Oil Plummets as Trump Signals Iran Conflict Near Resolution, Markets React

Mar 09, 2026 22:24 UTC
CL=F, ^VIX, XLE
Immediate term

Crude oil prices fell sharply following a public statement by former President Donald Trump indicating the Iran conflict is nearing its end, reducing geopolitical risk. The move triggered a decline in energy sector volatility and a shift in investor sentiment across markets.

  • CL=F fell 5.3% to $72.40 per barrel on March 9, 2026
  • VIX dropped 14.2% to 16.8, reflecting lower market volatility
  • XLE declined 3.7% as energy equities reacted to geopolitical easing
  • Trump's public statement cited diplomatic progress with Iran as the key reason
  • Defense stocks (RTX, LMT) dropped 1.8% to 2.1% on reduced conflict risk
  • S&P 500 rose 0.6% amid shifting risk perceptions

Global oil prices declined by 5.3% in early trading on March 9, 2026, with U.S. crude futures (CL=F) settling at $72.40 per barrel, marking the steepest one-day drop in over three months.
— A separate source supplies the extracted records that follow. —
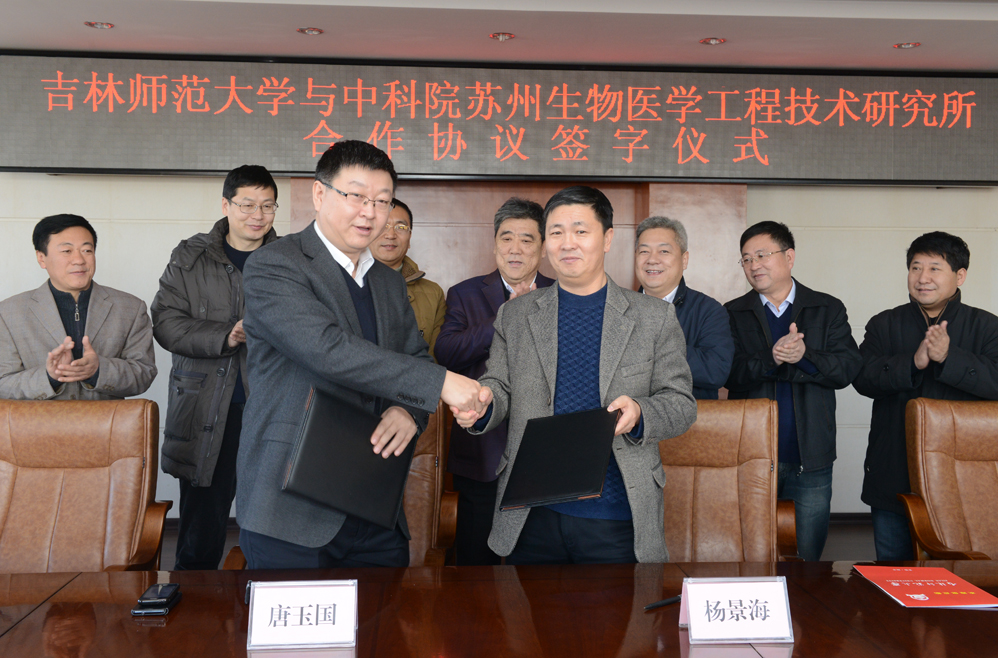 近日,中科院苏州生物医学工程技术研究所(简称“苏州医工所”)所长唐玉国、成果转化处处长王廷宾来到我校进行考察交流,并与我校签订合作协议。学校党委书记张波、校长杨景海、校长助理李海波出席签字仪式,相关职能部门、学院负责人参加签字仪式。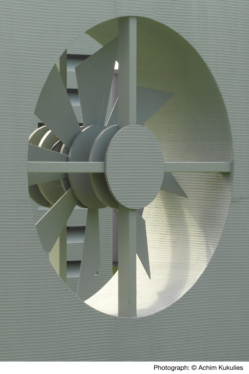 Solar panels mounted on the top of the Climate Changer provide electricity for the motors driving the fans.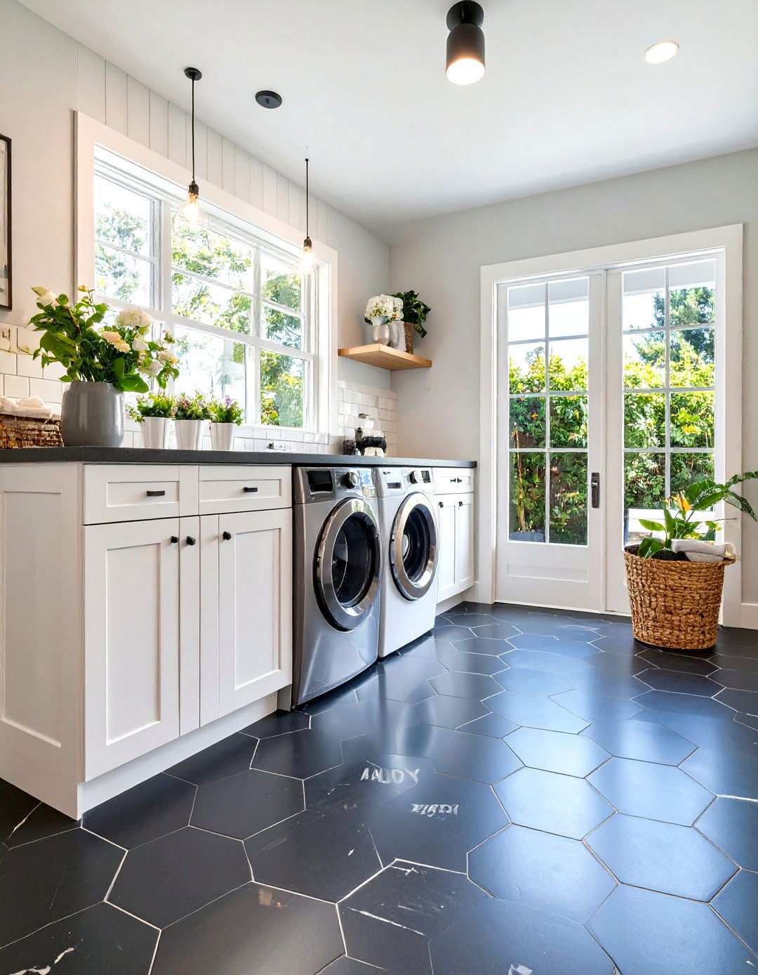 When it comes to choosing a black floor tile, you’re spoiled for choice, with a range of options available, including porcelain, ceramic, slate, and concrete materials. Each of these choices offers a unique texture and visual appeal, making it easy to find the perfect fit for your laundry room. Manmade materials like porcelain and ceramic are particularly well-suited to high-traffic areas, where years of heavy use are the norm. Consider black penny tile, large format tiles, or geometric patterns to create a distinctive look that sets your space apart.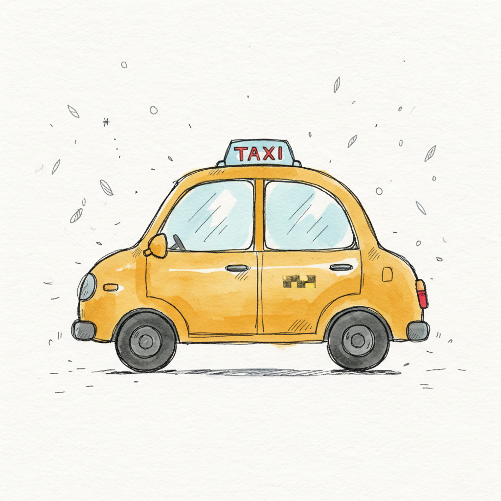 Eine niedliche, gelbe Taxizeichnung im Aquarellstil mit einem 'TAXI'-Schild auf dem Dach.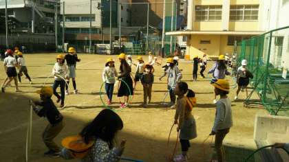 限られたスペースで、子どもたちが、少しでも運動に親しめるように、休み時間にフラフープを使って遊べるようにしました。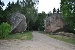 - Die Markgrafensteine in den Rauenschen Bergen bei Bad Saarow, Brandenburg. Der Große Markgrafenstein war ursprünglich der mit geschätzten 700 bis 750 Tonnen größte landliegende Findling in Norddeutschland (heute zerteilt, unter anderem für die größte Granitschale der Welt im Lustgarten in Berlin). Er war 7,8 m lang, 7,5 m breit, 7,5 m hoch bei einem Volumen von rund 250 m³. Der Kleine Markgrafenstein ist jetzt der größte Findling Brandenburgs. Beide Steine bestehen aus Karlshamn-Granit, der aus Südschweden stammt.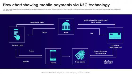 This slide shows details which can be used to understand how near field communication technology works in mobile payments. It includes various components such as mobile phone, payment app, bank, card issuer, card reader, etc. The Wireless Banking To Improve Flow Chart Showing Mobile Payments Via Fin SS V is a compilation of the most recent design trends as a series of slides. It is suitable for any subject or industry presentation, containing attractive visuals and photo spots for businesses to clearly express their messages. This template contains a variety of slides for the user to input data, such as structures to contrast two elements, bullet points, and slides for written information. Slidegeeks is prepared to create an impression. This slide shows details which can be used to understand how near field communication technology works in mobile payments. It includes various components such as mobile phone, payment app, bank, card issuer, card reader, etc.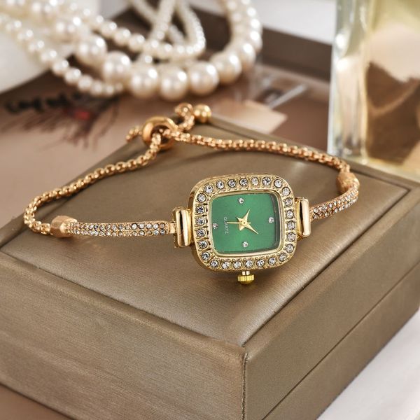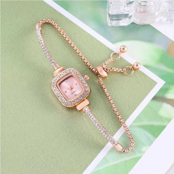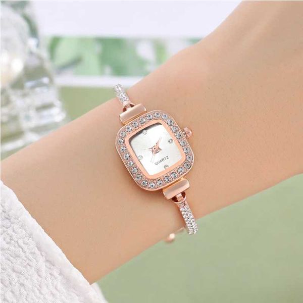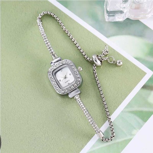 Temperament Drawstring Design Compact Square Diamond Set Fashion Temperament Lazy Bracelet Watch Women's Watch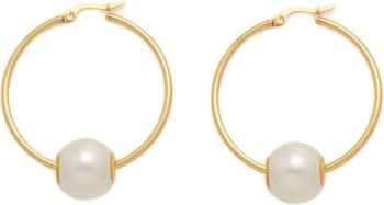 Glowing faux pearls define the center of these stunning hoop earrings that elevate even the most casual look.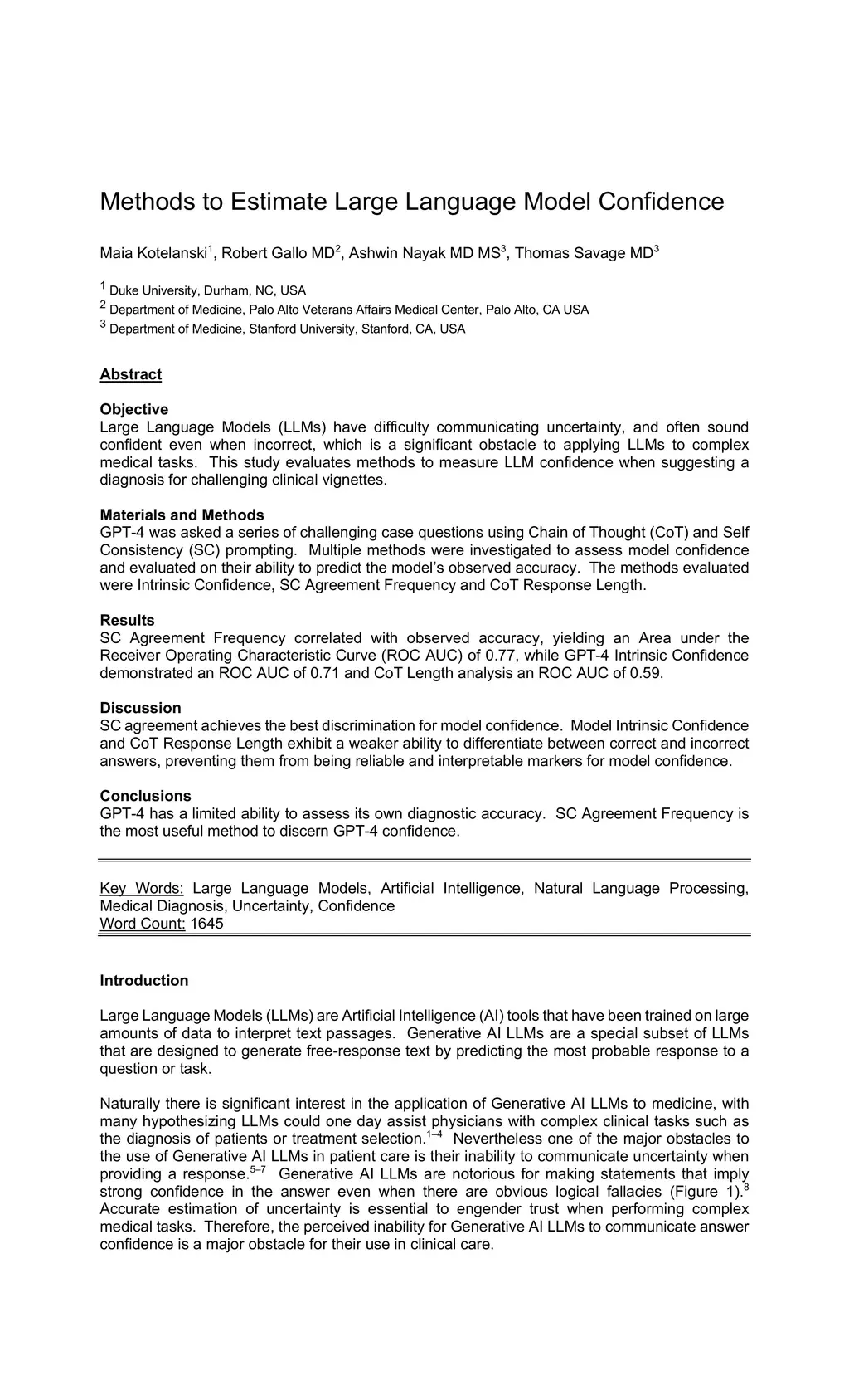 Large Language Models have difficulty communicating uncertainty, which is a significant obstacle to applying LLMs to complex medical tasks. This study evaluates methods to measure LLM confidence when suggesting a diagnosis for challenging clinical vignettes. GPT4 was asked a series of challenging case questions using Chain of Thought and Self Consistency prompting. Multiple methods were investigated to assess model confidence and evaluated on their ability to predict the models observed accuracy. The methods evaluated were Intrinsic Confidence, SC Agreement Frequency and CoT Response Length. SC Agreement Frequency correlated with observed accuracy, yielding a higher Area under the Receiver Operating Characteristic Curve compared to Intrinsic Confidence and CoT Length analysis. SC agreement is the most useful proxy for model confidence, especially for medical diagnosis. Model Intrinsic Confidence and CoT Response Length exhibit a weaker ability to differentiate between correct and incorrect answers, preventing them from being reliable and interpretable markers for model confidence. We conclude GPT4 has a limited ability to assess its own diagnostic accuracy. SC Agreement Frequency is the most useful method to measure GPT4 confidence.

This shift followed a public statement by Donald Trump during a rally in Florida, where he asserted that diplomatic efforts were close to resolving the ongoing tensions with Iran, calling the conflict 'almost over.' The implied reduction in geopolitical risk led to a rapid reassessment of energy market fundamentals. The VIX index, a key measure of market volatility, dropped 14.2% to 16.8, signaling a significant decline in investor anxiety. This decrease in risk premium has had a direct impact on energy equities, with the Energy Select Sector SPDR Fund (XLE) falling 3.7% on the day, reversing recent gains. The market reaction underscored the sensitivity of energy prices to geopolitical developments. With tensions between Iran and Western powers having contributed to a sustained spike in crude prices earlier in the year—peaking at $88.20 in January—any indication of de-escalation triggers immediate repricing. Analysts note that the current price environment reflects a recalibration of risk models, with traders now pricing in a lower probability of supply disruptions from the Middle East. Defense sector stocks also felt the impact, with major contractors like Raytheon Technologies (RTX) and Lockheed Martin (LMT) each down 2.1% and 1.8%, respectively. Investors are reevaluating defense spending expectations amid the reduced likelihood of prolonged military engagement. The broader S&P 500 gained 0.6% as the risk-off sentiment in energy and defense was offset by improved equity market confidence.